Data Availability: The data are not publicly available due to ethical and legal restrictions because data contain potentially identifying patient information. Therefore, data may be accessed upon authorization from the Institutional Review Board that may be contacted through chyohu@dkuh.co.kr.
Funding: The present research was supported by the research fund of Dankook University in 2021.
Competing interests: The author has declared that no competing interests exist.
Introduction
Armed forces engaging in battlefields of the early 20th century faced unprecedented dangers due to advances in weaponry and tactics. Added to the escalated risks, in trench warfare, an exposed face immediately became a target, resulting in a surge in the incidence of facial injuries. Such were the circumstances when the English-trained surgeon Sir Harold Gillies, known as “the Father of Modern Plastic Surgery,” set up Queen’s Hospital in Sidcup, the first hospital dedicated to treating facial injuries. In the next several years, the hospital conducted over 11,000 surgeries on soldiers with maxillofacial trauma [1,2]. Nevertheless, even with substantial advancement of plastic surgery after the end of World War I, in the 1920s the profession was still yet to be clearly defined as a separate discipline. It was only in the late 1930s that the American Board of Plastic Surgery (ABPS; the predecessor of the American Society of Plastic Surgery) took form and later began administering exams to qualify plastic surgeons [3]. Its counterpart in the United Kingdom (UK), the British Association of Plastic Reconstructive and Aesthetic Surgeons (BAPRAS), was established even later in 1944 with help from Sir Harold Gillies [4]. As such, plastic surgery has been recognized as a specialty in its own right less than a century ago.

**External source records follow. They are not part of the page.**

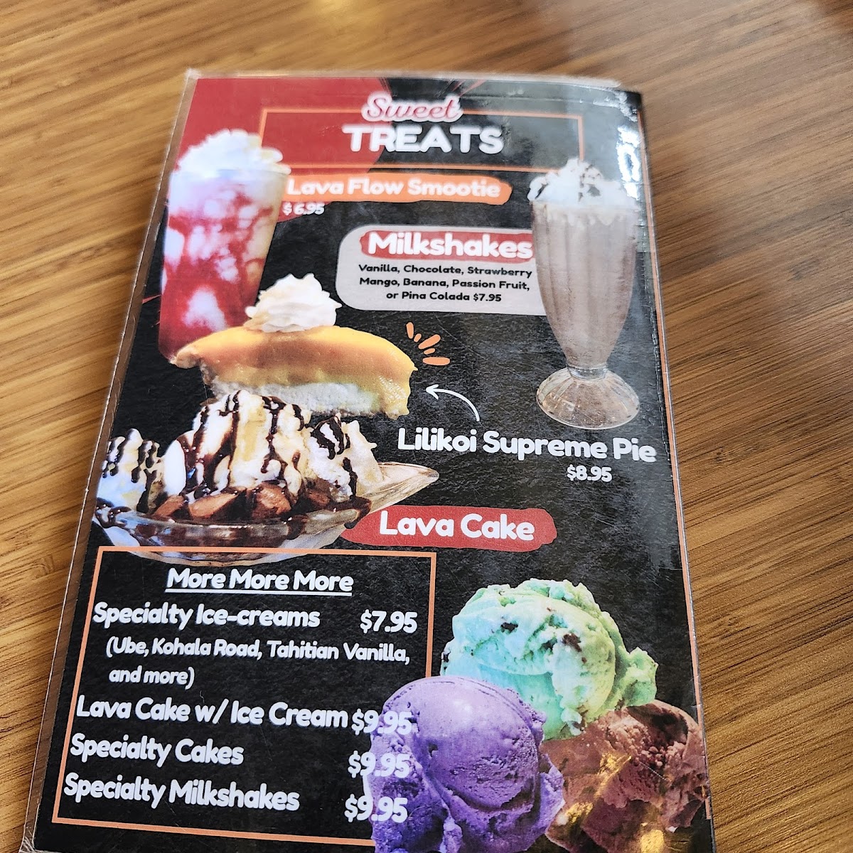 White rice topped with two hamburger patties, grilled onions, two eggs and brown gravy… ono!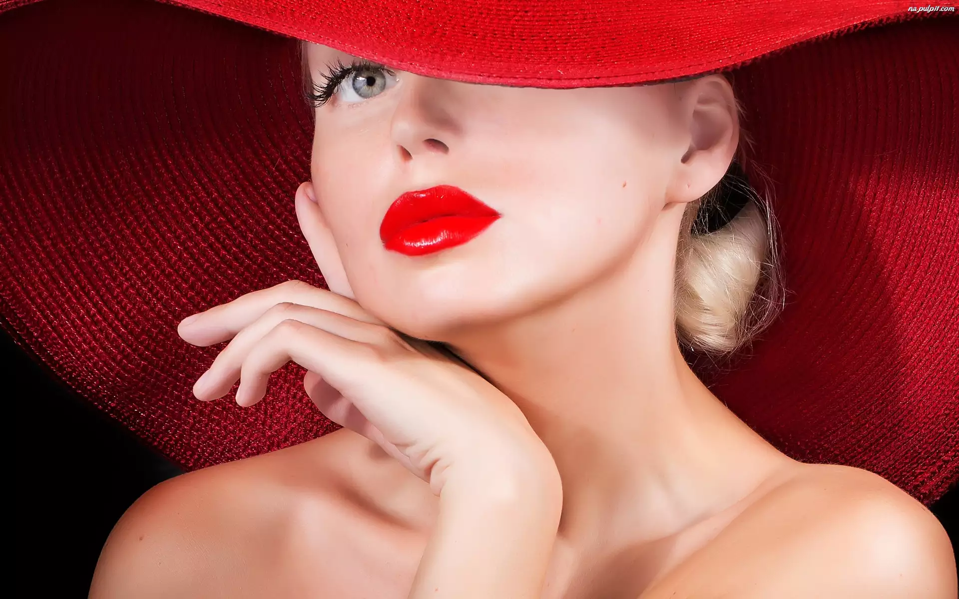 Kapelusz, Kobieta, Makijaż, Czerwony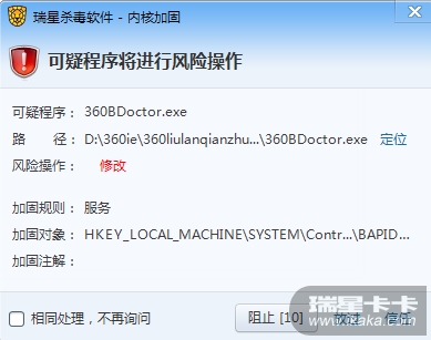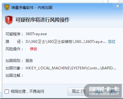 本人Pc前几日装系统,新装的是瑞星杀毒软件V16+,瑞星个人防火墙,以及360安全卫士,今天开机总是提示“可疑程序进行风险操作”,涉及到搜狗输入法,360safe.exe等等,不知道为什么,系统加固我设置是的高级,但不是今天才开始设为高级的,以前为什么没提示“可疑程序进行风险操作”????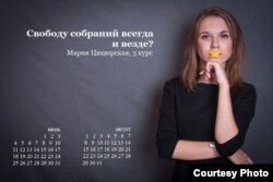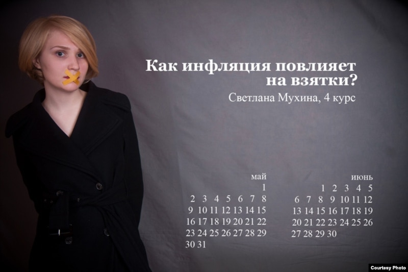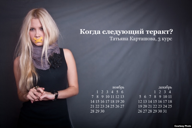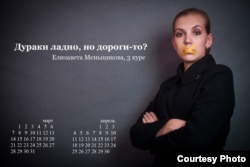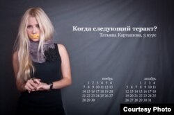 В ЖЖ опубликован новый настенный календарь с фотографиями студенток журфака МГУ. На этот раз модели вполне одеты, у них заклеены рты, а вместо подписей к фотографиям - неприятные вопросы Владимиру Путину. Календарь стал ответом на эротическое поздравление премьер-министру от студенток и выпускниц журфака.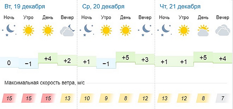 Средняя температура воздуха днём 19 декабря составит +4°С.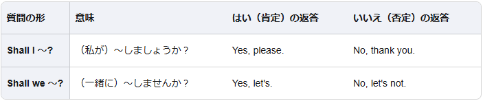 - Shall I/we 〜?への返答: “Shall I 〜?”(私が〜しましょうか?)や”Shall we 〜?”(一緒に〜しましょうか?)のような提案の疑問文に対しては,特別な決まり文句があります。詳しくは下段に書いてます。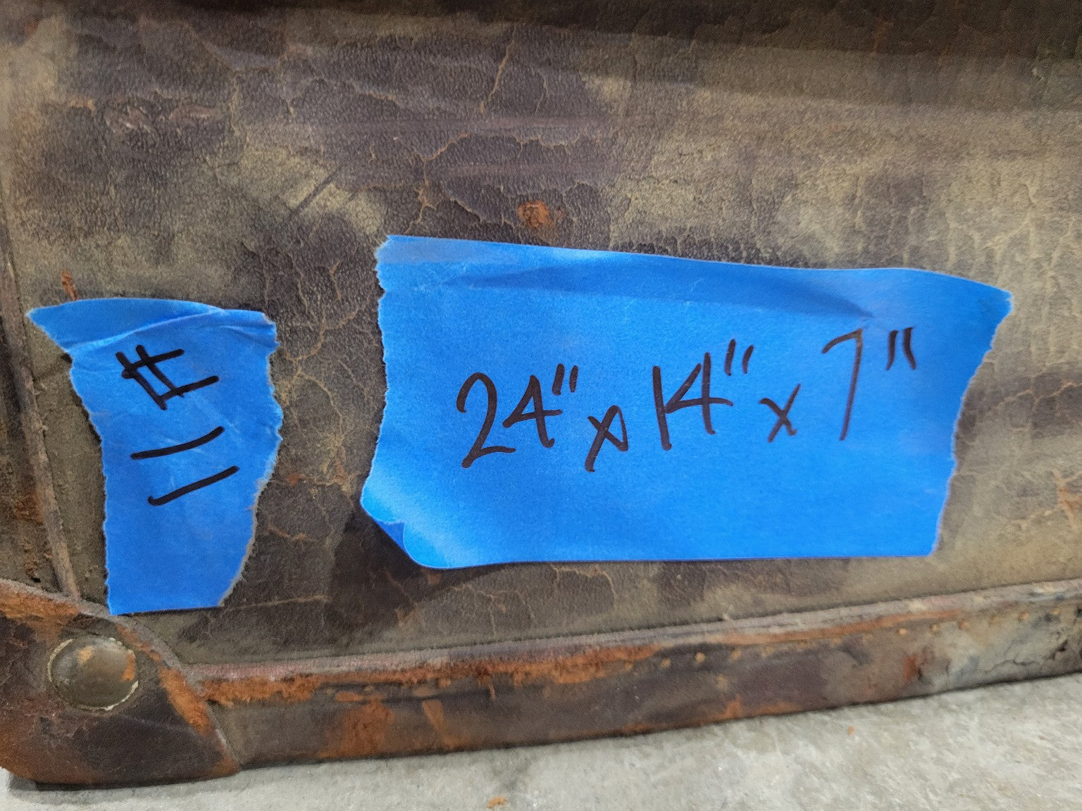 This well-worn vintage suitcase features a classic hard-shell structure wrapped in cracked leather with reinforced metal corners and faded fabric-lined interior. Measuring 24" wide, it includes original buckled straps, a wrapped handle, and metal latches—some rusted, all bearing signs of extensive travel and age. Though the surface is rough, it makes for an excellent prop, display piece, or upcycled decor element. Ideal for rustic retail staging or creative reuse.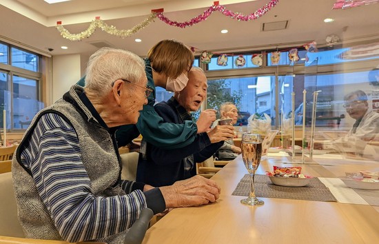 乾杯には餅田元施設長も駆けつけてくれました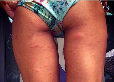 Yup, it’s Myleene Klass’s mosquito-riddled backside posted online for all to see.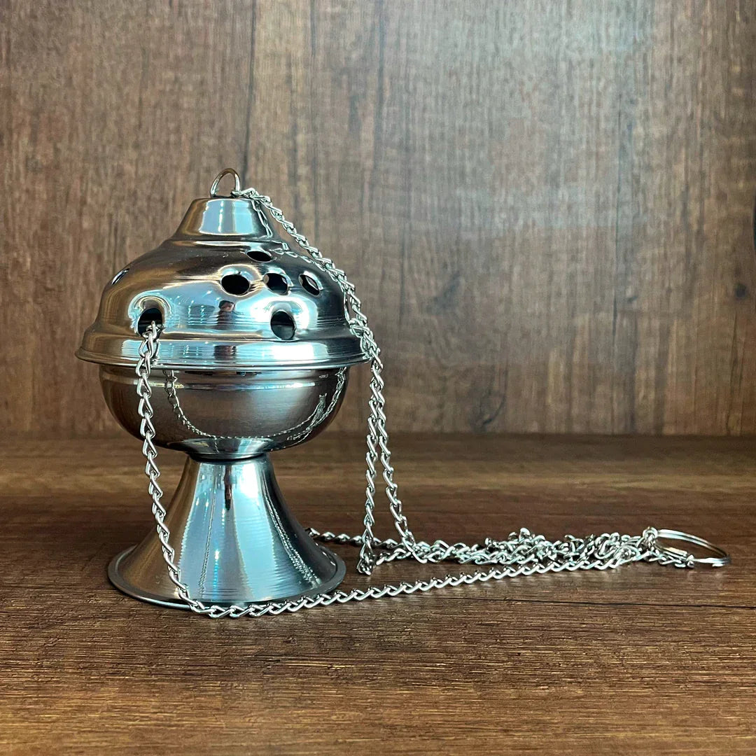 Este incensario de acero inoxidable es una herramienta esencial para tus momentos de oración y meditación en casa. Con una altura de 12 cm y un diámetro de 7 cm, este incensario está diseñado para quemar carbón e incienso, creando un ambiente de serenidad y devoción en tu hogar.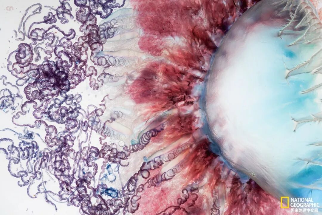 图片中颜色极为丰富的右侧是僧帽水母的椭圆形漂浮体,这是它能够漂浮在海中的关键。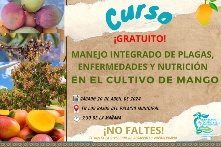 El H. Ayuntamiento Municipal Constitucional, en coordinación con la Dirección de Desarrollo Agropecuario, hacen una cordial invitación a todos los productores de mango de nuestra población y al público en general, para que el día 20 de abril asistan al curso, en el que aprenderán técnicas para mejorar la calidad y la producción de sus huertas.
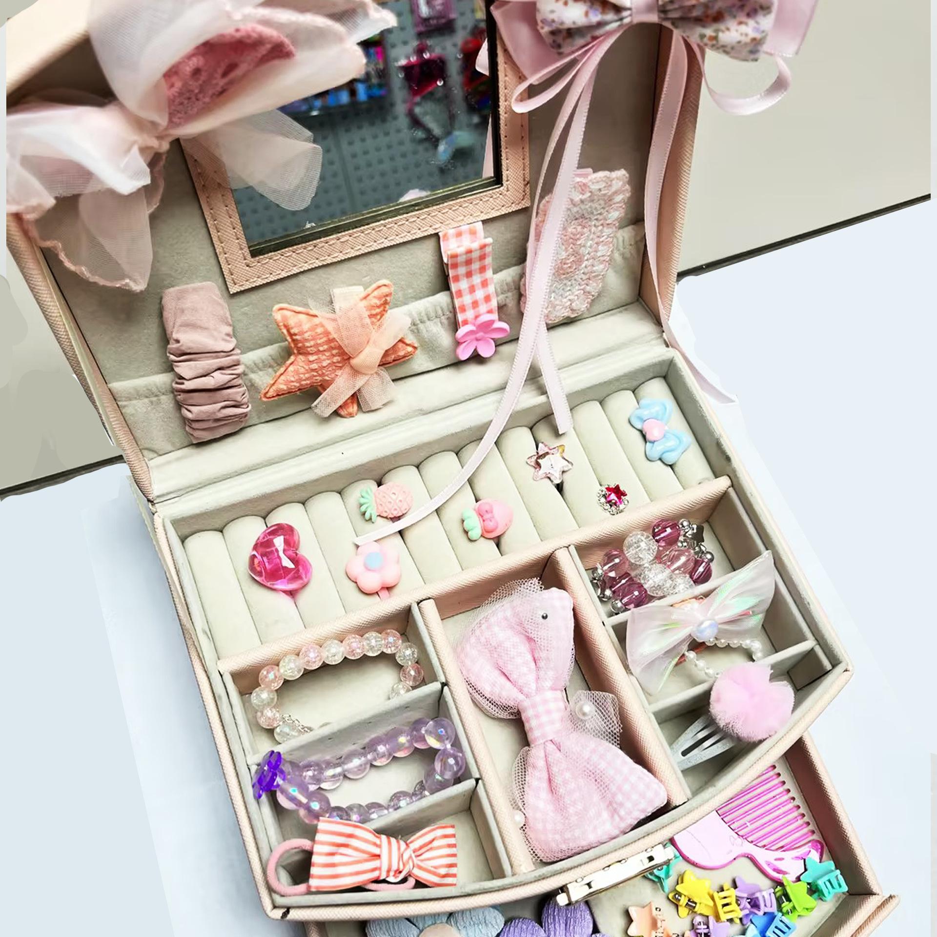 Conjunto Caixa de Presente Acessórios de Cabelo Infantil Pequeno Elástico Coroa Grampo de Cabelo Acessórios de Cabelo de Princesa Caixa de Armazenamento de Joias para Menina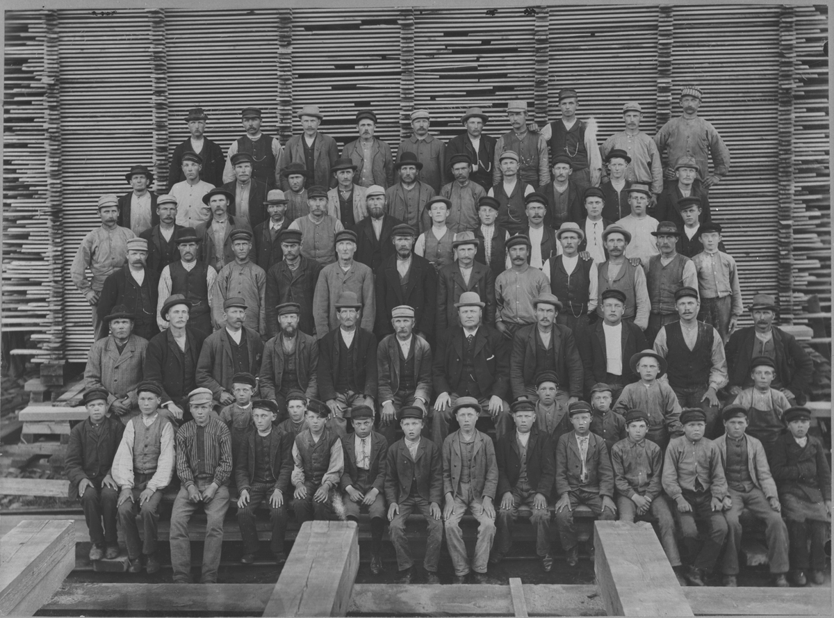 En grupp män. Korsnäs AB. Kopia. Den 14 augusti 1957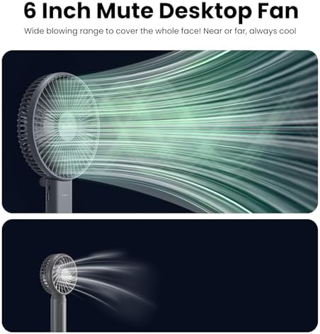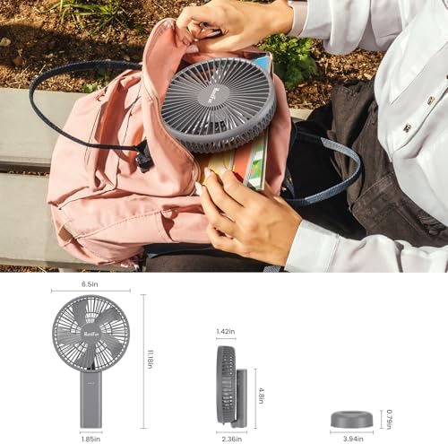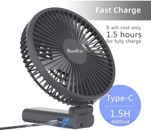 HandFan 6 Inch Handheld Fan with 4000mAh Battery 6 Speed Personal Fan, Strong Airflow, Cooling Desk Removable Base Design, 5-34H Working Time, 180° Foldable for Travel Outdoor Office Household(grey)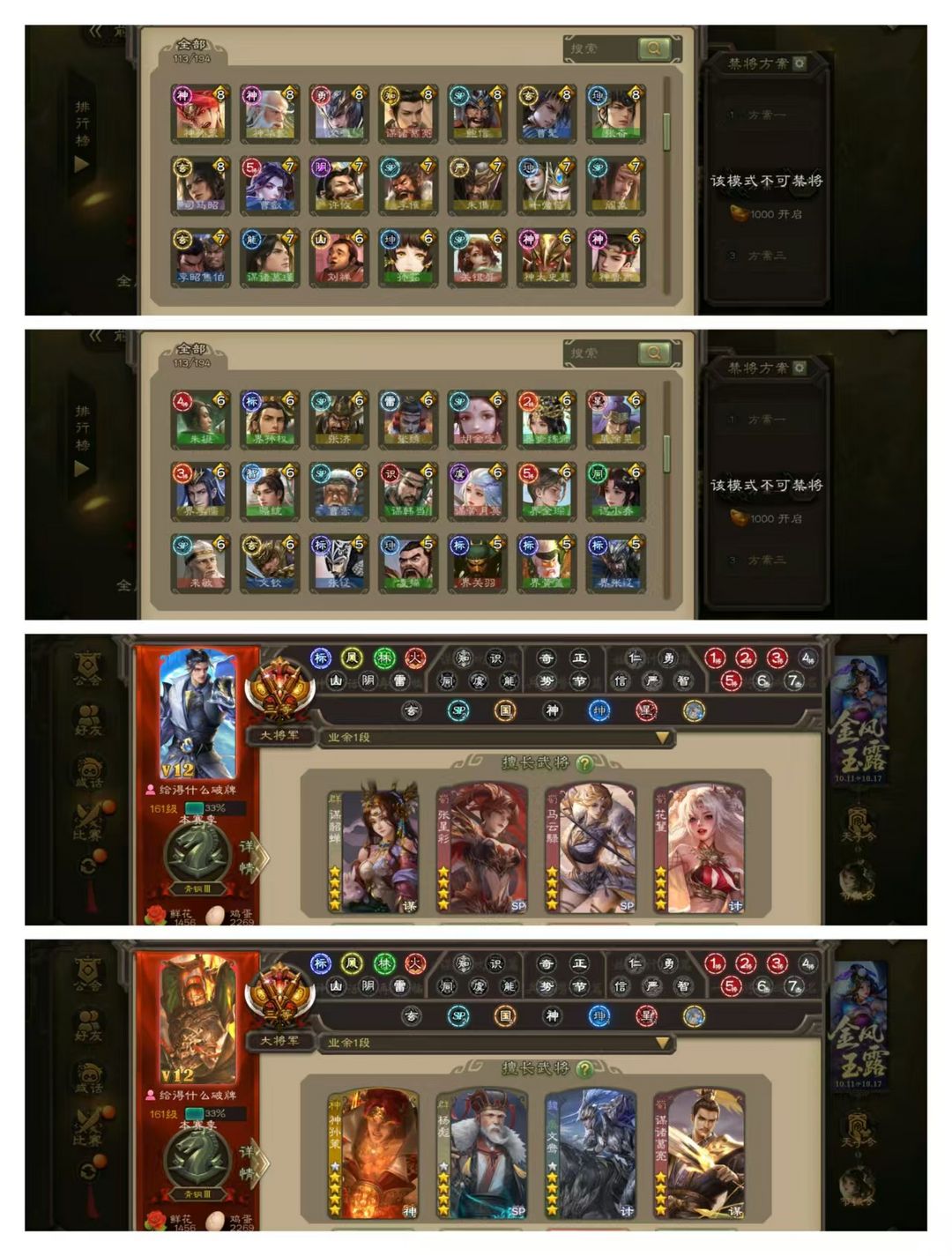 限制: 撤单率<19%才可租用此帐号装备描述:官方三等大将军,有卡,VIP12! 12四星玉龙:回廊动文鸯,回廊动神孙策,回廊动杨彪,回廊动张星彩,动谋诸葛亮动花鬘,金谋貂蝉! 51史诗大将军:回廊动杜预,回廊动界徐盛,回廊动神太史慈,动司马昭动界李儒,动神赵云动谋黄月英动留赞动戏志才,曹髦张奋十常侍界沮授神鲁肃神华佗神郭嘉羊徽瑜界左慈,鲍信阎象王元姬曹婴界钟会郭女王! 113排位武将,35动皮80金皮180国战皮肤!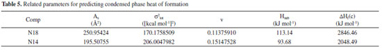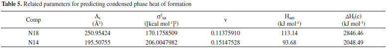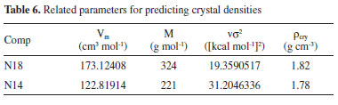 The heat of formation in the condensed phase of N14 and N18 can be calculated according to Equations (2) and (3), and they are 2048.49 and 2846.46 kJ mol-1, respectively. Related parameters are shown in Table 5. Crystal densities The crystal densities of N14 and N18 can be calculated according to Equation (4), and they are 1.784 and 1.817 g cm-3. Related parameters are shown in Table 6. As these two compounds contain mainly C and N, and do not contain O, and their densities are lower than HMX and CL-20, as shown in Table 7. The density of nitrogen-rich compounds without oxygen atoms is generally low. For instance, the density value of hydrogen azide (HN3) and 5-amino1H-tetrazole is 1.12 and 1.71 g cm-3 respectively.27 When it comes to traditional CHON materials, their heats derive from redox reaction and the density is an important parameter to power.28 But compounds mentioned in title are more like polynitrogen compounds, their heats derive from the deviation of bond energy of each nitrogen atom.8 Therefore, the density is not the primary focus. Detonation performance The detonation velocity (D), detonation pressure (P), and heat of detonation (Q) of N14 and N18 are computed based on their crystal densities (ρ) and condensed phase heats of formation ∆fH(c). Their detonation performance, including RDX, HMX, and CL-20,29 are shown in Table 7. It is surprised that crystal density and heat of formation of N14 is lower than that of N18, but the detonation performance of the former is greater than that of the latter. Because the number mole of gaseous detonation products per gram of explosive plays a key role in detonation performance here. This resullt also reveals that detonation performance of N14 (Q = 2214 cal g-1 and D = 10,040 m s-1) and N18 (Q = 2114 cal g-1 and D = 9400 m s-1) are higher than that of CL-20, while their detonation pressures (43.6 GPa and 37.4 GPa) are lower. The title compounds can decompose into large amount of nitrogen gas, which contributes to their detonation performance. Nitrogen-rich molecules are thus designed to promising materials. Fox example, dinitropyrazole fused 1,2,3,4-tetrazine has a performance (D=9631 m s-1, P=44.0 GPa) comparable to CL-20.30 Impact sensitivity The values (cm) of h50% are estimated through the method and the results are summarized in Table 8. The calculated sensitivity of CL-20 is 9 cm, closing to measured value.16 The values of title compounds are 23 and 32 cm respectively, and higher than CL-20. Therefore, the N14 and N18 are more insensitivity than CL-20. Compounds in which many nitrogen atoms are directly connected are all sensitive to impact, and a common example is lead azide.31 But when these nitrogen atoms constitute a fused ring, the sensitivity will be improved.30,32
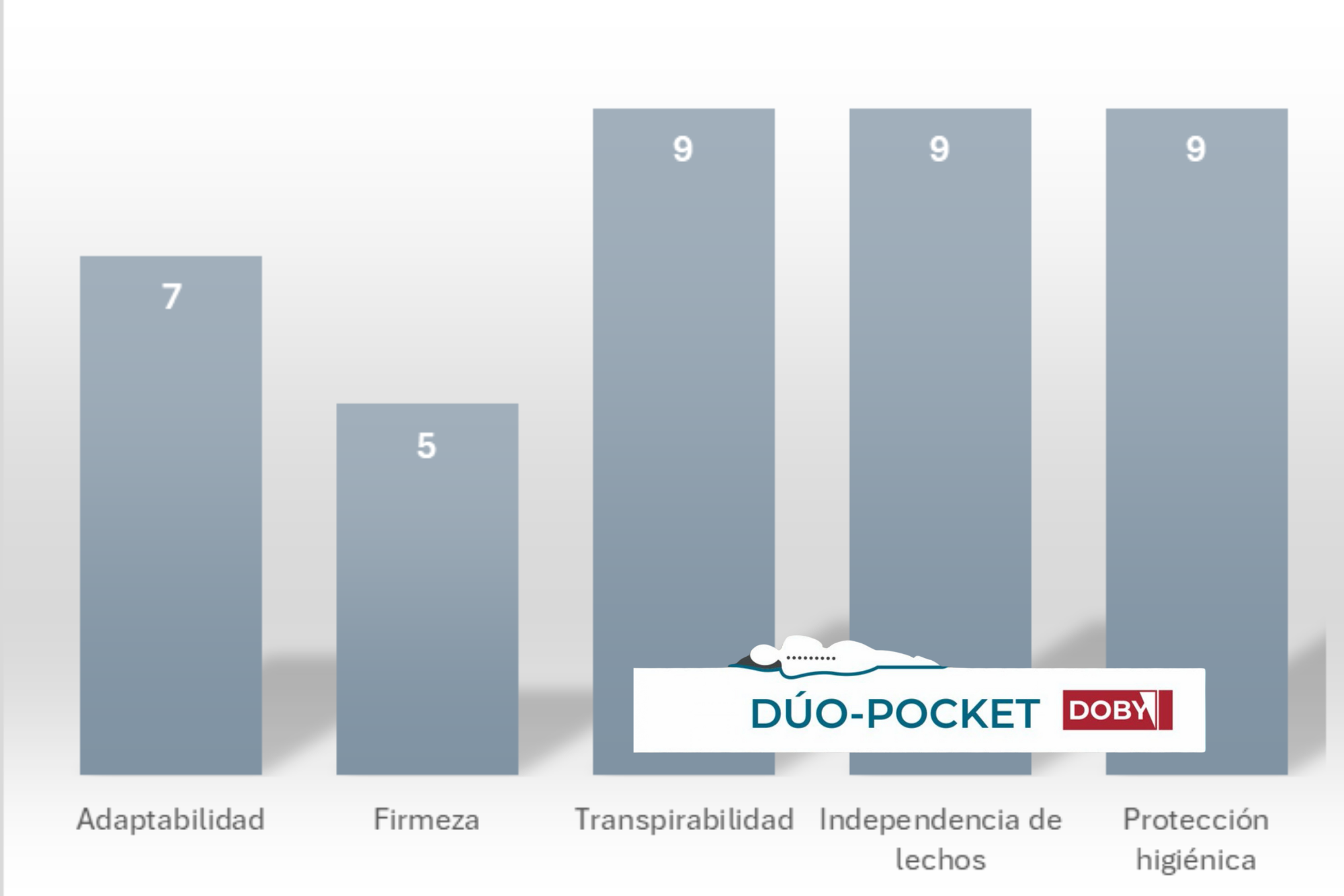 Dúo- Pocket es un colchón con un sistema de descanso de muelles de acero independientes, colocados individualmente dentro de unos pequeños sacos textiles, ya conocidos como muelles ensacados.

However, thanks to much academic and clinical endeavor, plastic surgeons today play an integral role over a diversity of fields, from reconstructive to aesthetic surgery. Plastic surgeons are equipped with the skill sets required to address traumatic injuries, including management of soft-tissue injury, fractures in facial structures, neurovascular injury, and salvaging extremities [5–8]. Developments in diagnostic and therapeutic devices over the past 50 years, such as the evolution of imaging, microscope, dressing materials, and surgical instruments are also conducive to plastic surgeons’ role in treating trauma patients [9].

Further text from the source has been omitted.